Each line from the one containing "Cum rezolvarea ecuatiilor" through the end of the records below must be repeated exactly, and no other line.

[Data entries]
——————————

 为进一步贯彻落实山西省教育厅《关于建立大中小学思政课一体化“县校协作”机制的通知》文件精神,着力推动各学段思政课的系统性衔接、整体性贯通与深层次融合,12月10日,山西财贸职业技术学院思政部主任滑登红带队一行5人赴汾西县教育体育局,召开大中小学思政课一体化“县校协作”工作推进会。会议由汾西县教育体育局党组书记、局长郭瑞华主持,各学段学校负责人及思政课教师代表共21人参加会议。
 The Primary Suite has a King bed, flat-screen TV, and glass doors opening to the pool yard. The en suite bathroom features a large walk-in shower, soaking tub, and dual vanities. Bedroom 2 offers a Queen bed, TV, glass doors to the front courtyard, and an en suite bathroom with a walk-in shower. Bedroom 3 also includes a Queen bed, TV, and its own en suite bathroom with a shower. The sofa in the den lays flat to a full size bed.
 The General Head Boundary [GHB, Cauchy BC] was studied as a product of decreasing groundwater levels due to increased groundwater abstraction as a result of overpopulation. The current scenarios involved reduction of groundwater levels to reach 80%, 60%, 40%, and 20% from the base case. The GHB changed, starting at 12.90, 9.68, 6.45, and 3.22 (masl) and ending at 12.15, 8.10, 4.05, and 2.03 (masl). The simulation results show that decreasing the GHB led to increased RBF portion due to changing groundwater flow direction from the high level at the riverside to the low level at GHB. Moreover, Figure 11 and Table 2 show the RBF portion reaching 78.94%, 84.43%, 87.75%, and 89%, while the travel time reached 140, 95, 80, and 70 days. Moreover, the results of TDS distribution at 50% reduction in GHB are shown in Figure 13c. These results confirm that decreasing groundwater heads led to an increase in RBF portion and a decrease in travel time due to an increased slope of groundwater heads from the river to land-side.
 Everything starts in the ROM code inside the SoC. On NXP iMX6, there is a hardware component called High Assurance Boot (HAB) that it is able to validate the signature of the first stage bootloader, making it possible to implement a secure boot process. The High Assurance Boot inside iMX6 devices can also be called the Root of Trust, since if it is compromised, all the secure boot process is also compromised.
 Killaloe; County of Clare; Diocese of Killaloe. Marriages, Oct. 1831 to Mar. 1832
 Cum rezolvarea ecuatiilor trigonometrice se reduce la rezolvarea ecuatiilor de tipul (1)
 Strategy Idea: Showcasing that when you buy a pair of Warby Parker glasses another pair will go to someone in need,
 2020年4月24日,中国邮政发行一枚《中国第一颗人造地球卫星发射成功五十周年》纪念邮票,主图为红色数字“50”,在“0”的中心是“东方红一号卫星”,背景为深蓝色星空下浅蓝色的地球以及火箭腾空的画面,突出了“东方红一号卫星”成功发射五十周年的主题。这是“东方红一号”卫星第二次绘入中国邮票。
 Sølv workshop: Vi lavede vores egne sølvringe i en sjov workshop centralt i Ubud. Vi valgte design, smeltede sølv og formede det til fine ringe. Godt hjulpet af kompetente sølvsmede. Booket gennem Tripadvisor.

——————————

Result for this exercise:
 Cum rezolvarea ecuatiilor trigonometrice se reduce la rezolvarea ecuatiilor de tipul (1)
 Strategy Idea: Showcasing that when you buy a pair of Warby Parker glasses another pair will go to someone in need,
 2020年4月24日,中国邮政发行一枚《中国第一颗人造地球卫星发射成功五十周年》纪念邮票,主图为红色数字“50”,在“0”的中心是“东方红一号卫星”,背景为深蓝色星空下浅蓝色的地球以及火箭腾空的画面,突出了“东方红一号卫星”成功发射五十周年的主题。这是“东方红一号”卫星第二次绘入中国邮票。
 Sølv workshop: Vi lavede vores egne sølvringe i en sjov workshop centralt i Ubud. Vi valgte design, smeltede sølv og formede det til fine ringe. Godt hjulpet af kompetente sølvsmede. Booket gennem Tripadvisor.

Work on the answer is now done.